Although we were not able to record during the ritual, it is a moment I will never forget. The ritual lasted about 30 minutes and it was incredibly moving. We were informed that this was the first time CET Brazil was allowed to participate in a ceremony like this so I was extra grateful for the opportunity. Once the ritual was over we exited the opy and went back to Sandra’s tekoha. As the kind women prepared our lunch, we went outside and participated in Guarani activities.
Participating in Guarani Activities
The activities included many different past times of the Guarani. It was fun not only to experience the culture of the Guarani spiritually but also colloquially. This gave us moments to talk to other Guarani people in the village and inquire more about the way they live day to day.
The first activity I tried was bowhunting or zarabatana. This was something I have read about in many textbooks both in the States and here in Brazil so it was super fun to try it in real life! The target provided for us was a capybara and we all had fun taking turns trying to “hit” the capybara; I eventually ended up hitting one of the arrows close to the target’s eyes!
The next activity I participated in was body painting; I sat with some of the women and they painted different symbols on our palms and forearms. Each one meant something different and my cohort and I had a lot of fun discussing who got what. I personally receive a symbol meaning “cobra” or “snake.” This body painting was created with a material called genipa. This was a black liquid-like substance that was drawn on our wrist with a stick and meant to last about 2 weeks. It was very interesting to receive this painting and also talk with the women personally.

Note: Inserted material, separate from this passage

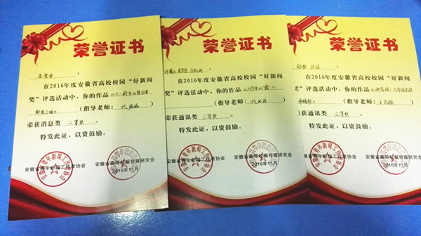 我校大学生记者在2016年度安徽省高校校园“好新闻奖”评选中喜获佳绩

Once finished with the body painting, I watched some of the people in my cohort make jewelry! They were taught the traditional method of making jewelry by some of the Guarani people. They showed us examples of necklaces, bracelets, and even earrings. Making the jewelry definitely took hard work and patience but the result was worth it. Everyone had so much fun and a personal item to remember our time spent in the village. Participating in these activities helped me feel closer to the Indigenous people and the overall Guarani experience.


Once dinner was served and we ate more delicious food, it was time for a final debrief of the night. We met with all the people in the tekoha including Sandra and Araju. We discussed more about the ritual we participated in and the importance of what we did. They explained that all the food we ate in the day had been blessed and used with herbs and spices also present in the ritual.
In addition, we discussed other rituals that the Guarani perform and certain rules for these ceremonies. One thing that stood out to me specifically was the lack of specific clothing for the ceremonies. Araju explained that in the specific ritual we participated in, no special clothes were needed. We heard stories about Caciques and how they come about in a tekoha as well as other aspects of their community. We were able to hold a beautiful conversation around the fire pit with both the Guarani and my cohort.
Something I made sure to take home with me is a message given to us at the end of the ritual. The message is important enough for me to share with the blog as well–by learning about the Guarani and other Indigenous peoples, we close the gap between urban culture and theirs. In addition, we learn about their way of life and the respect they give the world around them. Thus, it is our responsibility now to uphold this idea and continue to respect the land the same way they do. This was an amazing experience that I will remember for a lifetime!